• **ASSIGNMENT**:
Below this line are records; write out exactly the lines from the one containing "1930er-Jahren ist zu" through the one containing "Le 13 novembre", with the pictures left out.

• **RECORDED DATA**:
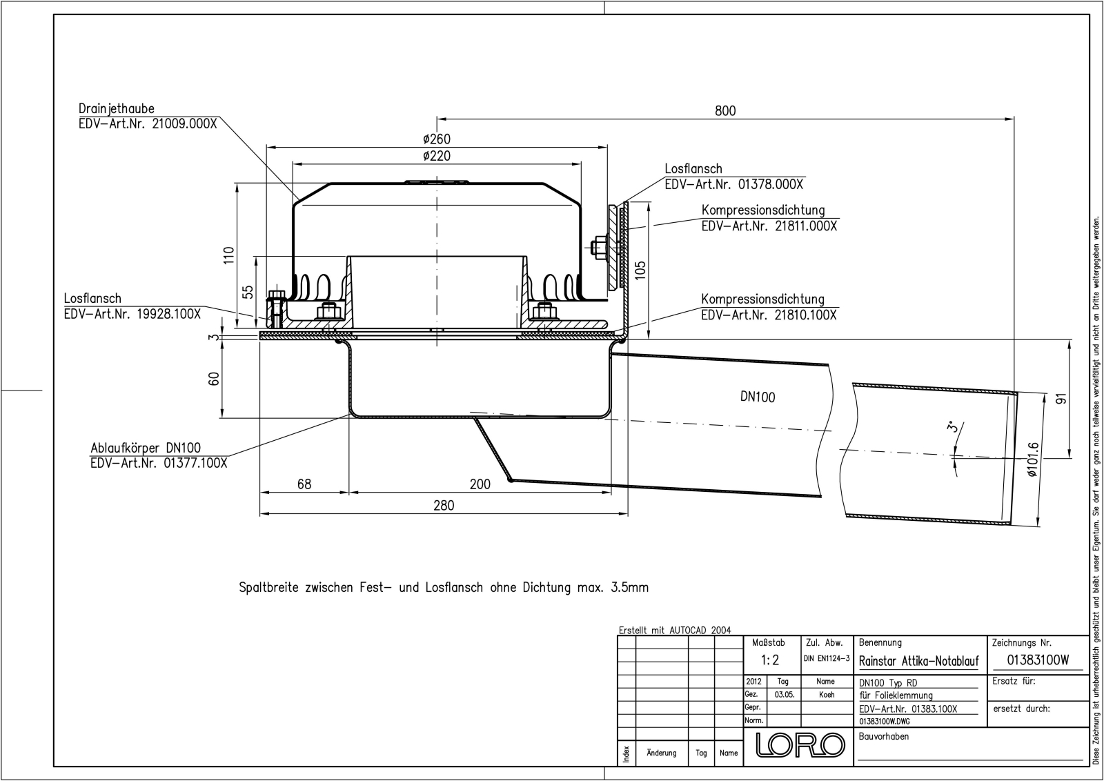 LORO-X RAINSTAR Attika-Schnellablauf, Serie 79 (RD) mit tiefgelegtem Rohr, für Notentwässerung mit Druckströmung, Abflussleistung 26,0 l/s bei 75 mm Wasserhöhe auf dem Dach, mit Klemmflansch, als Los- und Festflanschkonstruktion, 90 Grad Aufkantung für Kunststoff-Abdichtungsbahnen, Eingrifftiefe 106 mm, mit DRAINJET-Haube aus Edelstahl, nach DIN EN 1253, Leistungsnachweis mit normgerechtem Prüfsystem mit 4,2m nicht belüfteter Fallleitung gemäß Systemdatenblatt LX482, aus Edelstahl, DN 100
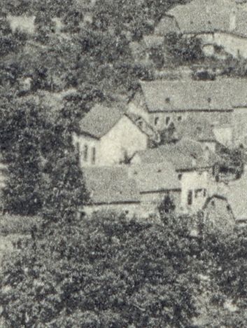 1930er-Jahren ist zu erkennen, dass die Synagoge an der Südseite drei große
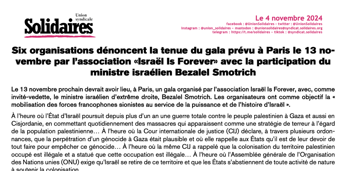 Le 13 novembre prochain devrait avoir lieu, à Paris, un gala organisé par l’association Israël Is Forever, avec, comme invité-vedette, le ministre israélien d’extrême droite, Bezalel Smotrich. Les organisateurs ont comme objectif la « mobilisation des forces francophones sionistes au service de la puissance et de l’histoire d’Israël ».
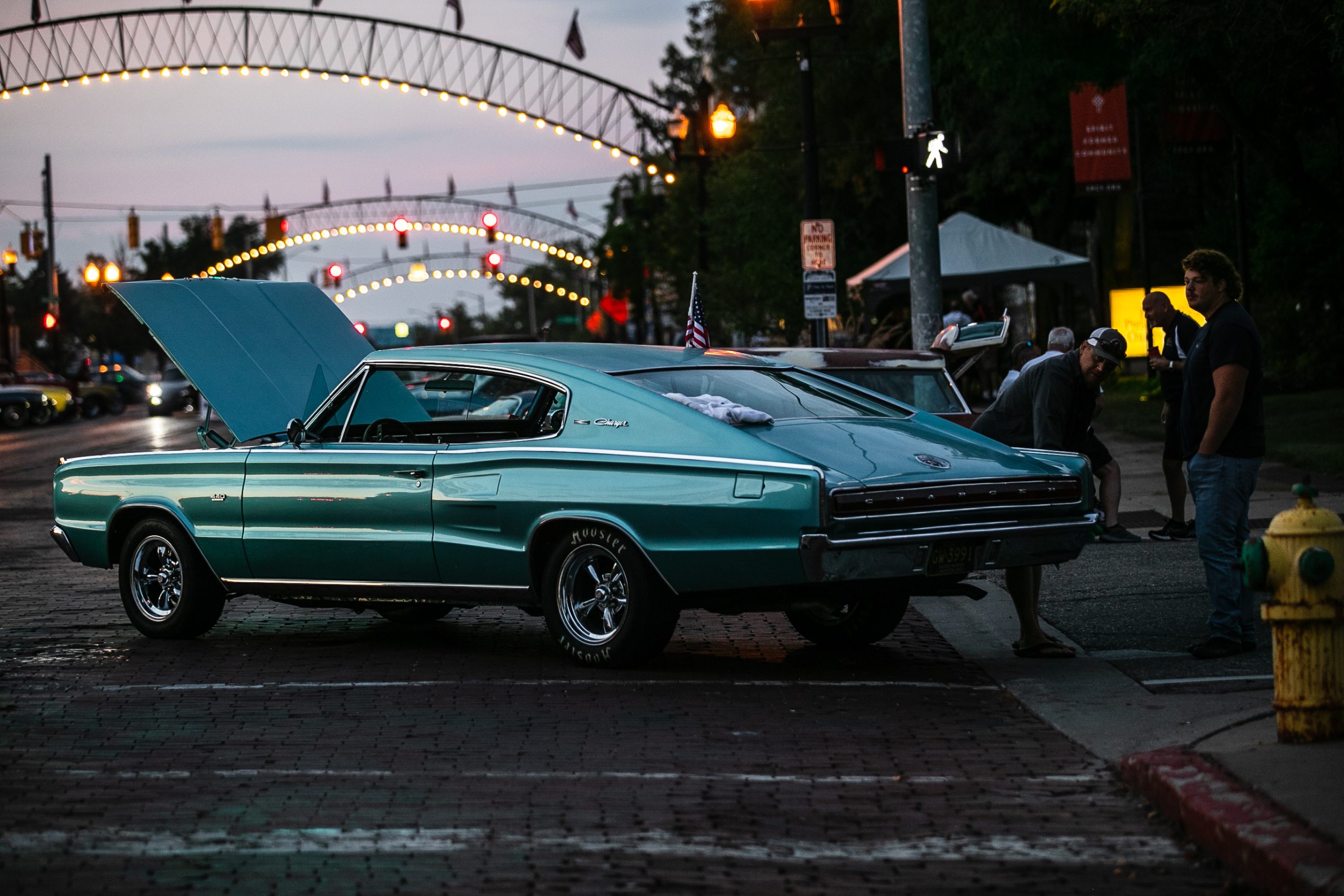 In the early hours of the morning, vintage car owners prepare their vehicles to sit on display on the bricks of Saginaw Street during the 18th annual Back to the Bricks car show & cruise in Downtown Flint on Saturday, Aug. 20, 2022. (Jenifer Veloso | Flint Beat)
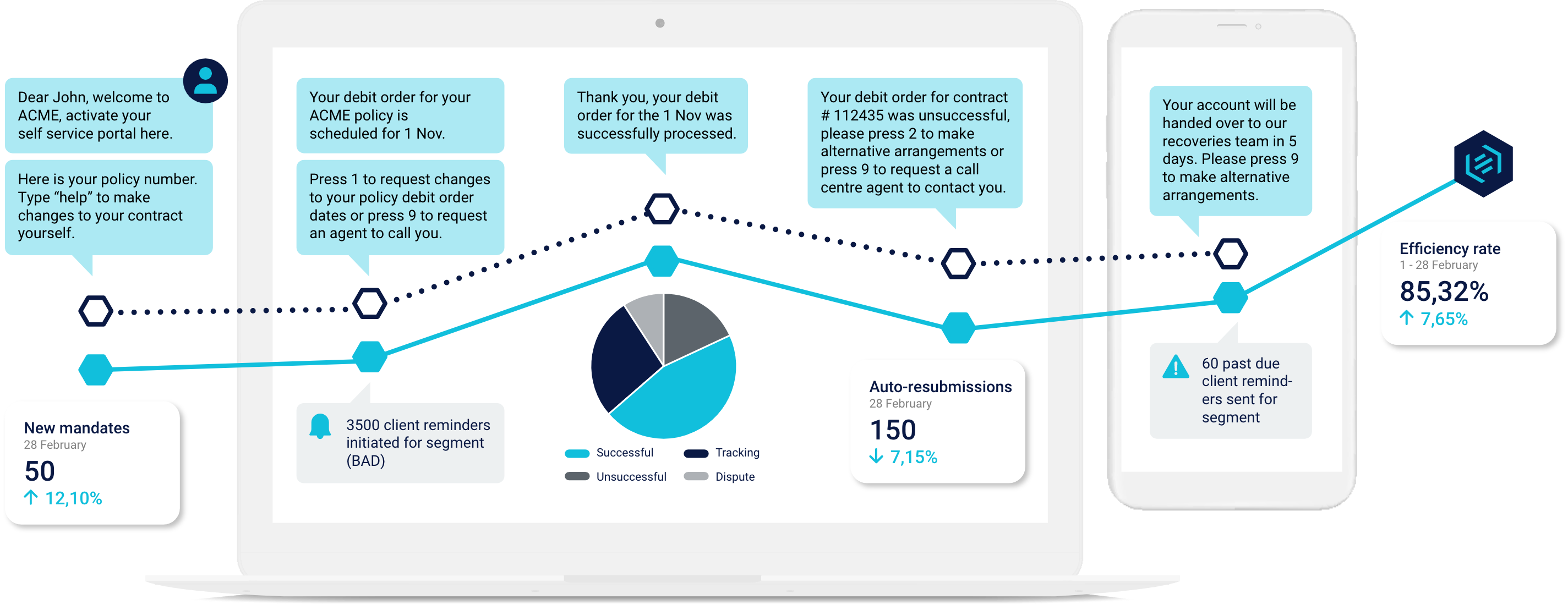 By seamlessly integrating with your ERP our collections engine processes debit orders through personalised interactions, leveraging machine-learned data to better understand customer behaviour.
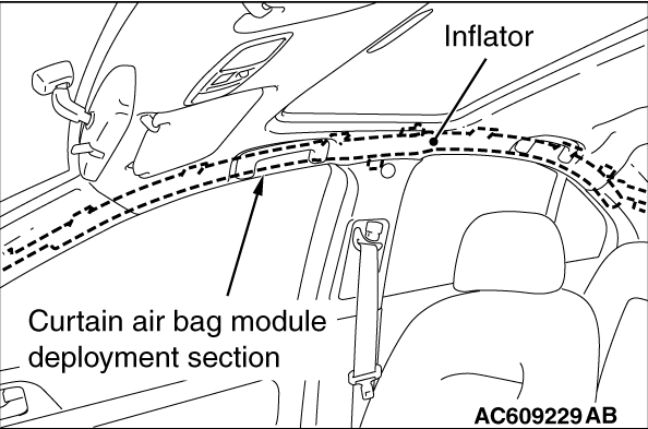 1.Check that the curtain air bag deployment part of the headlining is normal. 2.Check the inflator surface for cracks, dents or deformations. 3.Check the connector for damage, the terminal for deformation, and the harness for
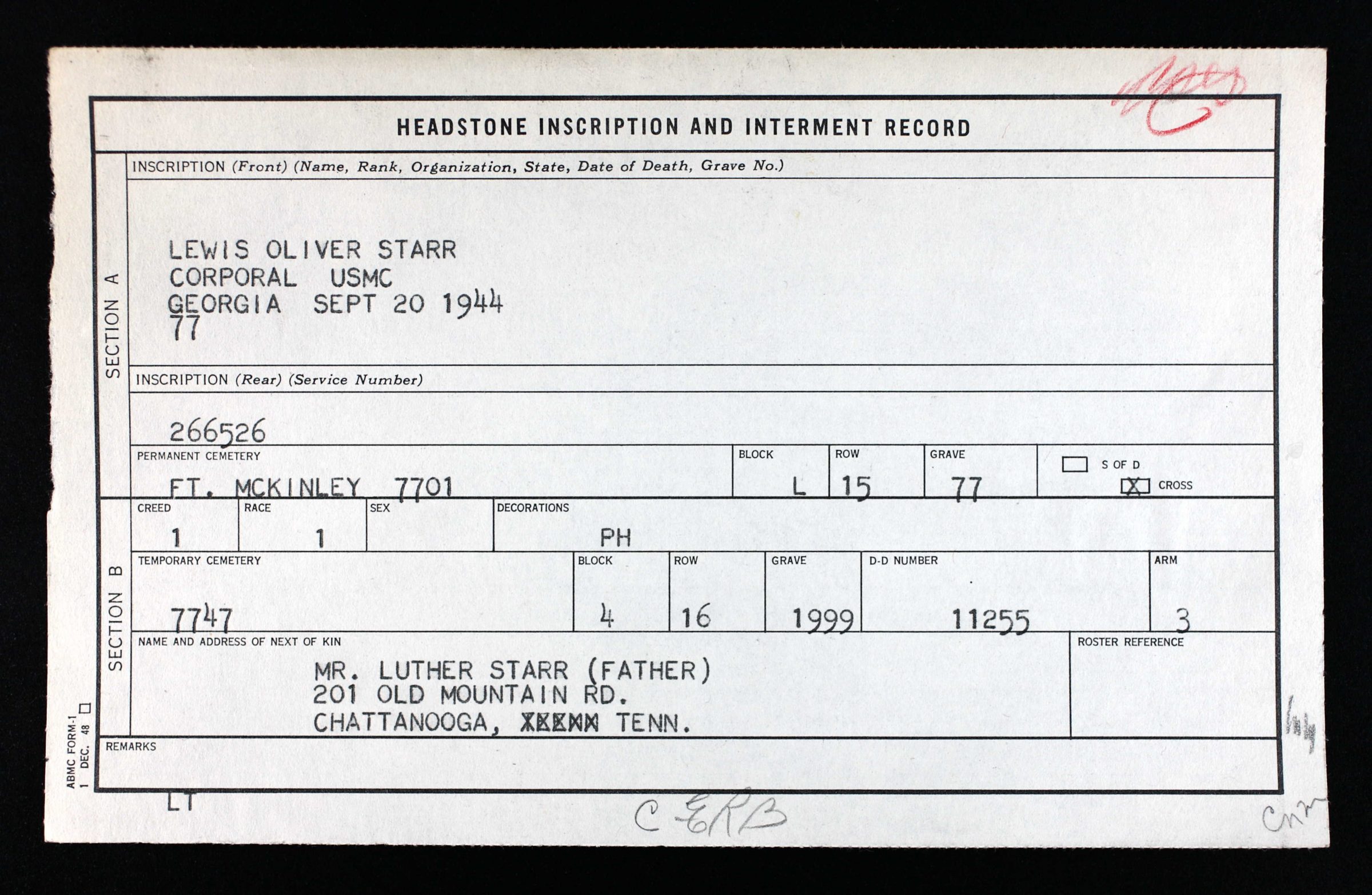 Lewis Oliver Starr was born in Georgia in 1921, the son of Luther Starr and Sudie B. Lewis. He was reared in Savannah, Georgia and was well known in Chattanooga. He entered the service from Georgia.
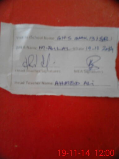 | Attendance Register | Head Teacher | MEA with School | Visit Proof |
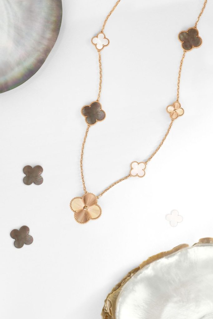 Magic Alhambra arrived in 2006 and marked the first time the maison played with different clover sizes. The new collection continues the idea of mixing motif sizes, which started with Magic Alhambra in 2006, but this time adds transformability—a long necklace that becomes a short necklace, and then a bracelet, thanks to hidden clasps. It’s the first time this feature has appeared in an Alhambra piece.
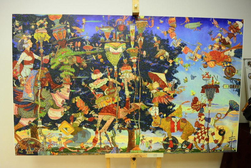Про Фролова говорят, что он волшебник, умеющий превращать ноты в людей и оживлять вещи. В его полотнах настолько много деталей, что можно часами их разглядывать. Чего только стоит картина “И я там был”, написанная по мотивам сказок Александра Сергеевича Пушкина. В размере 1,5х1,9 метра он сумел разместить сказочное государство, в котором живут Царевна Лебедь, ткачиха с поварихой, со сватьей бабой Бабарихой, Гвидон, царь Салтан и другие персонажи.
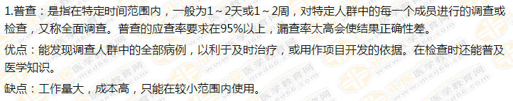 2.抽樣調(diào)查:為查明某病或某些疾病在某個(gè)國(guó)家或某個(gè)地區(qū)的現(xiàn)患情況或流行強(qiáng)度,大多使用抽樣調(diào)查的方法。前提條件是抽取的樣本數(shù)量足夠大,調(diào)查的數(shù)據(jù)可靠,這種調(diào)查方法的優(yōu)點(diǎn)為省時(shí)間、省勞力和省經(jīng)費(fèi),且所得資料同樣具有代表性。抽樣的方法有:
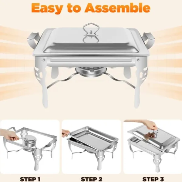 - Paketets innehåll: 1 x silverfärgad chafing dish i rostfritt stål (6 L), lock, vattenfat, matinsats, ram/stativ, hållare för bränslebägare
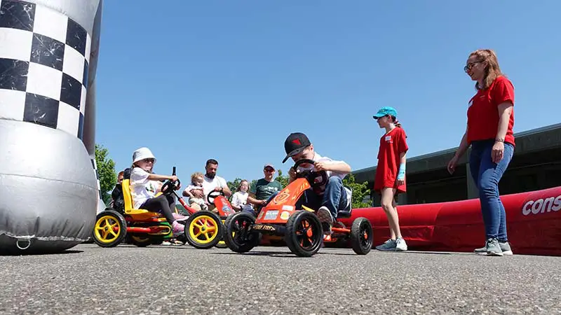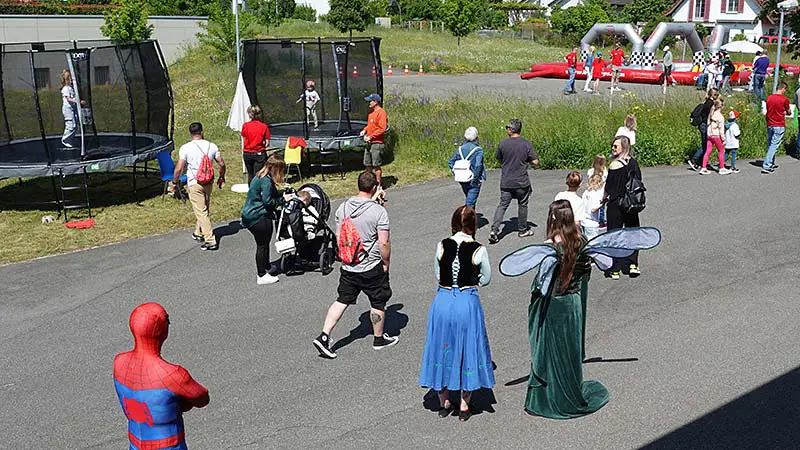 Auf dem Gelände von ProSpiel warteten viele Attraktionen auf die Kinder: die beliebte GoKart-Bahn, ein kleiner Trampolin-Park und das Päckli-Fischen im Fachgeschäft sorgten für grosse Begeisterung. Beim Basteln mit Klara Kleister entstanden viele kreative Werke. Ein besonderes Highlight war die speziell gestaltete KMSK-Tischbombe, die jedes Kind nach Herzenslust selbst befüllen durfte.
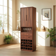 This handcrafted dining cabinet is built from solid wood, showcasing a warm natural grain and a clean modern silhouette. The lower wine grid provides organized storage for multiple bottles, while the open shelf keeps glasses within easy reach. Four smooth drawers and tall upper doors offer generous space for dining essentials, blending function with elegant craftsmanship.
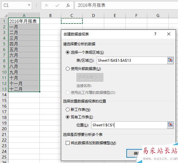 在打開的創(chuàng)建數(shù)據(jù)透視表對(duì)話框中,“選擇一個(gè)表或區(qū)域”項(xiàng)已經(jīng)自動(dòng)填入了參數(shù),就是上面所選擇的數(shù)據(jù)區(qū)域。如果開始并沒有做選擇,那么在此可以重新選擇。在下面選中“現(xiàn)有工作表”項(xiàng),并將光標(biāo)置入“位置”右側(cè)的輸入框中,再在工作表任意空白單元格上點(diǎn)擊,選擇放置透視表的地方。這里小編選擇的是C1單元格。
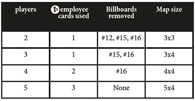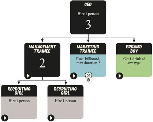 In all subsequent turns, after opening the pile, the cards at work must be placed into a company structure. The cards are placed in a pyramid. Each card is placed under the person he/she is reporting to. The top of the pyramid is the CEO, who obviously reports to nobody.

• **REPLY**:
 1930er-Jahren ist zu erkennen, dass die Synagoge an der Südseite drei große
 Le 13 novembre prochain devrait avoir lieu, à Paris, un gala organisé par l’association Israël Is Forever, avec, comme invité-vedette, le ministre israélien d’extrême droite, Bezalel Smotrich. Les organisateurs ont comme objectif la « mobilisation des forces francophones sionistes au service de la puissance et de l’histoire d’Israël ».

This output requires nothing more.